Present configuration:

Galaxy S2 i9100 (international)
stock Android version Gingerbread 2.3.5 not rooted
Baseband version: I9100XXKI4
Kernal version: 2.6.35.7-I9100JPKJ2-CL655700 [email protected] #2
Build number Gingerbread.JPKJ2
no carrier. GSM sim card.

I want to perform the following to my i9100 phone:
1) How to move from the official Gingerbread 2.3.5 version to cyanogenMod 9 ROM. Including, can I install Cyanogen 9 on top of 2.3.5 kernal.
2) Best safe way to backup original stock Gingerbread ROM in case something doesn't go according to plan.
3) How and at what point during upgrade to CM 9 to root.
4) Which is the proper, stable kernal for this CM 9 (dorimanx has been recommended). At what point, during the upgrade process, is the kernal changed. This is a main concern I have.

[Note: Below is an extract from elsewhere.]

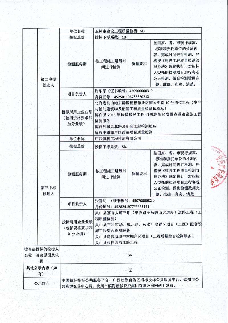 欽州市濱海新城茶山江大街項(xiàng)目、安州大道(珊瑚街至嘉興街段)強(qiáng)弱電綜合管溝及平山東大街(濱江東路-揚(yáng)帆大道)強(qiáng)弱電綜合管溝項(xiàng)目綜合檢測(cè)中標(biāo)候選人公示

I have never done any of this before. I didn't want to upgrade to Android 4.0.04 because of potential Super Brick or other complications. Jelly Bean is not an option for other reasons.
CyanogenMod 9 would seem to meet all my current needs for this phone, and is open source)
I have not seen a detailed "How to" guide to upgrade from stock Gingerbread 2.3.5 to CycnogenMod 9, rooting, and kernal install. Just parts of it scattered, a year old. Can someone guide me through this. 
I just need a flexible stable everyday ICS level phone. I'm open to suggestions. Please remember, I have not done any of this before. Thank you.


----------



## yarly (Jun 22, 2011)

http://wiki.cyanogenmod.org/w/I9100_Info

Their wiki will answer all your questions. Read it carefully, avoid deviating from their advice and take your time. No need for experts, just patience as the first time is always the longest struggle, like riding a bike.


----------